Gwen had captivated young Link and Malon – and continued to captivate the children of the valley today – with tales of forests and oceans and other things that did not exist anymore out in Greater Hyrule. She also spoke of magic and fairies – and these tales were much more difficult for Link to believe. In fact, he didn't believe them. He could travel anywhere in Hyrule (through the family barely went anywhere past the Nabooru Town) and see the dry remains of forests. There was a petrified forest Uncle Russ, Malon and he had taken a trip to some years ago that lay outside of Darunia. He only had to go to Nabooru to see the salty, sandy remains of an ocean because the Port of Sand lay there. Evidence for the old ways of the land lay everywhere, but magic was something he saw no evidence for.

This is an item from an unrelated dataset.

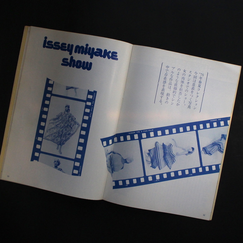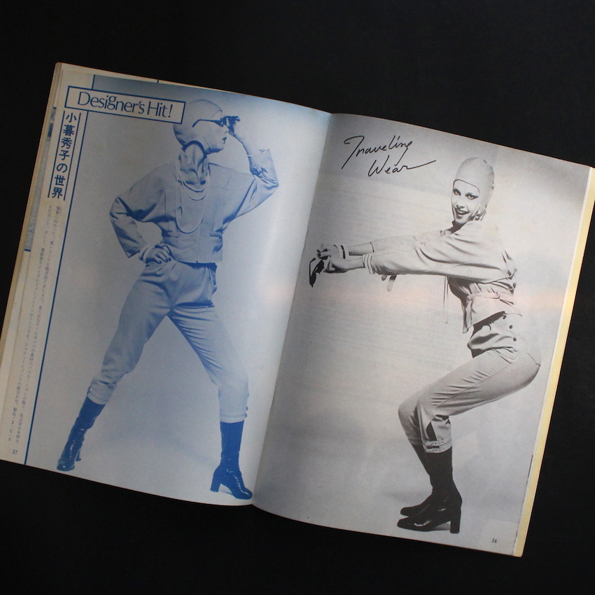 1970年代半ばに発行されていたファッション情報誌『ファッションカレント』の通巻第2号。この初期のファッションカレントは比較的「読み物」的要素が強く、後半号になるにつれて、ビジュアルを主体とした「見る物」としての完成度が上がっていき、誌面のクオリティーも魅力的になっています。本号の収録内容は「特集 アメリカからの伝言(武藤直路、鯨岡阿美子、佐藤忠男、田川律、志賀信夫、レイコ・アーマン山崎)」「男をファッション化する(浜野安宏・密着インタビュー)」「トップヘアデザイナーカタログ」「デザイナーズヒット(小暮秀子)」「シリーズ評論(川村都)」「アクセサリー春秋」「ファッショナブル・コスメティクス」「江戸の女(高橋雅夫)」「サロンマップ(自由が丘)」「エスティックカレント(川崎享二)」「クリエイティブメークアップ」(木下ユミ)」「ロンドンから帰った川島文夫」「明日への美容意識(川上忠重)」など。

As it was, he sometimes felt silly breathing frustrated prayers to Farore as he did sometimes when drought was about to make the crops fail or when he was assisting a pregnant animal in a difficult birth. It was strange, really, Link thought, how he had his own doubts about the Goddesses, yet whenever he met anyone in town who claimed that those that that still believed in them were stupid or hopeless, he'd be on them like a starving wolf. He did no violence beyond the verbal – but no one insulted his family, his friends or his "Granny" Gwen - no one.
He sat down on a stool in the milking barn before a large pail and a large blue goat that Malon was holding by the halter. Her basket rested by the doorway, laden with fat green and brown eggs. Malon's right forearm was streaked with three neat scratches, blood pooling at their edges. As Link warmed up his hands and prepared to milk he looked up at his cousin.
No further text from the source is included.